Lyude has joined #dri-devel
<alyssa> karolherbst: yes
<alyssa> CONFIG_LOCALVERSION_AUTO
<karolherbst> so I set that to y and it's doing something sane?
<alyssa> karolherbst: no, unset it
<alyssa> that's the CONFIG_APPEND_SILLY_THINGS option
<karolherbst> well.. it's not set for me
<alyssa> uhhh
<karolherbst> maybe it's something inside installkernel doing it.. dunno
Duke`` has quit [Ping timeout: 480 seconds]
JohnnyonFlame has joined #dri-devel
benjaminl has joined #dri-devel
JohnnyonF has quit [Ping timeout: 480 seconds]
heat_ has quit [Remote host closed the connection]
heat has joined #dri-devel
macromorgan has quit [Read error: Connection reset by peer]
macromorgan has joined #dri-devel
macromorgan is now known as Guest1777
macromorgan has joined #dri-devel
eloy_ has quit [Ping timeout: 480 seconds]
benjamin1 has joined #dri-devel
eloy_ has joined #dri-devel
Guest1777 has quit [Ping timeout: 480 seconds]
benjaminl has quit [Ping timeout: 480 seconds]
sima has quit [Ping timeout: 480 seconds]
rauji___ has quit []
<jenatali> How upset would people be if I added a nir option to accept mediump in the backend? I.e. to disable the late opts that turn it into actual 16bit converts
<alyssa> jenatali: define "mediump"
<alyssa> x2ymp conversions?
<alyssa> or something else?
<jenatali> Yeah
<alyssa> meh
<jenatali> Just the conversions
<alyssa> I really want to kill off nir_shader_compiler_options but failing that, .. yeah
<alyssa> if nobody has deleted options->intel_vec4 after all this time
<alyssa> disabling f2fmp lowering is mild.

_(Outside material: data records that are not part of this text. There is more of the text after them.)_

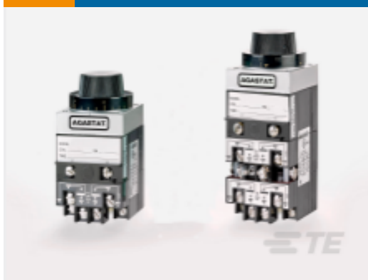
TE Part # 1-1423162-8 7022AK=RLY,STD,OFF,2P,120VAC,1
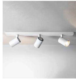
CODE: 1286003 FINISH: TEXTURED WHITE
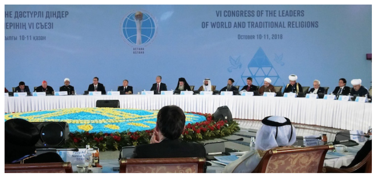
World Religious Leaders' Astana Congress Pledges 'Unity in Diversity'

ASTANA (IDN) - At a critical point in time when religious tolerance is being consigned to oblivion, an international conference has appealed "to all people of faith and goodwill" to unite, and called for "ensuring peace and harmony on our planet".
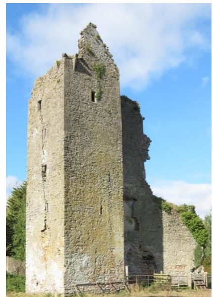
Bourke's Castle today
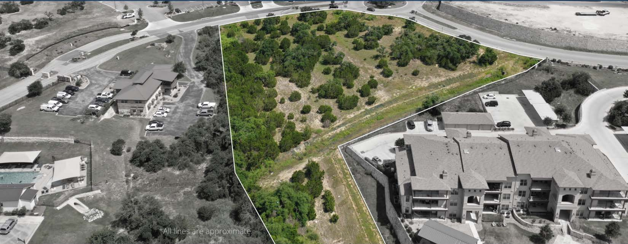
*All lines are approximate.
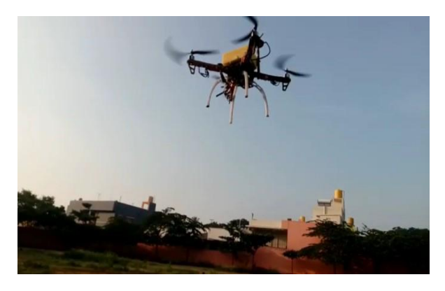
Fig -2: Autonomous Drone Flying

An autonomous drone using effective utilization of GPS mapping with flight controller has been developed.
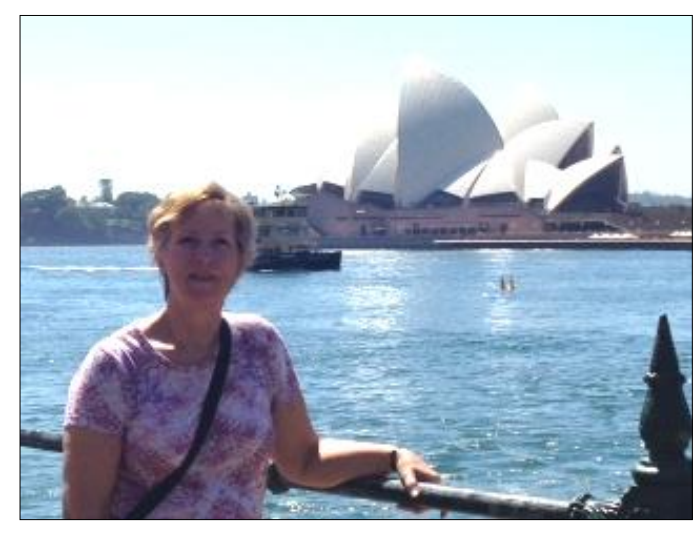
Sydney Opera House where we saw La Traviata

<jenatali> Unless you want to move it into args to the algebraic opt directly, I'd be fine with that too
<alyssa> yeah that's what I'm waffling about
<alyssa> The way nir_opt_algebraic was supposed to work is that all the drivers would have their own passes
<alyssa> but.. whoops
<jenatali> Basically, DXIL has a bit which says whether 16bit types should be min-precision or native, and if the only thing that produces 16-bit types are f2fmp then I don't want to set the native bit
<alyssa> sure
<alyssa> I think there's a possible future where nir_opt_algebraic.py just generates lists of rules based on an options dict
<alyssa> and then each driver would define their own backend_nir_opt_algebraic passes inheriting those rules (setting the options they need and also appending their own rules)

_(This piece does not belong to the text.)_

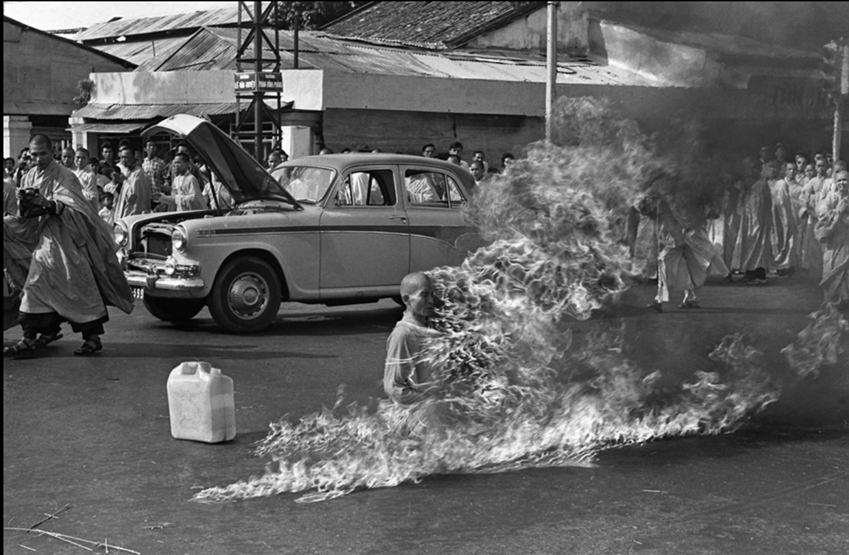
Quang Duc – Malcolm Browne – 1963
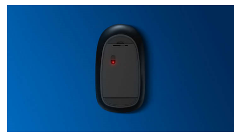
High-definition optical tracking for smooth control

<jenatali> I like the sound of that, though there's some benefit to be had by making a large rule list instead of a bunch of independent passes
<karolherbst> soo.. like the nir_shader_compiler_options stuff?
<alyssa> karolherbst: nir_shader_compiler_options is checked at runtime
<karolherbst> right...
<alyssa> jenatali: nir_opt_algebraic.py would realistically still be a big rules list
<jenatali> And I'd probably want some way to keep some options at runtime
<karolherbst> mhhh
<alyssa> anyway this is just kinda me daydreaming
<alyssa> because my actual big thing right now is torching nir_register
<karolherbst> good luck
<jenatali> Looking forward to it
<alyssa> which is the NIR equivalent of rolling a boulder uphill
<alyssa> pretty close to the point where it becomes blocked on "convert 15 drivers" instead of plumbing
<jenatali> That analogy implies someone is going to bring it back
<karolherbst> I can rely on you pinging me on more stuff I have to fix in codegen to make that reality?
<alyssa> jenatali: No, it implies it's liable to roll down, smack me in the face, and make me roll down with it like in the cartoons
<alyssa> karolherbst: mais oui
<jenatali> :P
<karolherbst> I wonder if I really figure a way out to move all the stupid lowering post SSA or if I just torch codegen once NAK is done
<karolherbst> though it's probably fine.. most of those passes are SSA compatible already
<karolherbst> and some are obsolete
pcercuei has quit [Quit: dodo]
<alyssa> jenatali: the good news is that, like in cartoons, it's totally harmless to me
<jenatali> Heh
<DemiMarie> How does Mesa handle running out of memory?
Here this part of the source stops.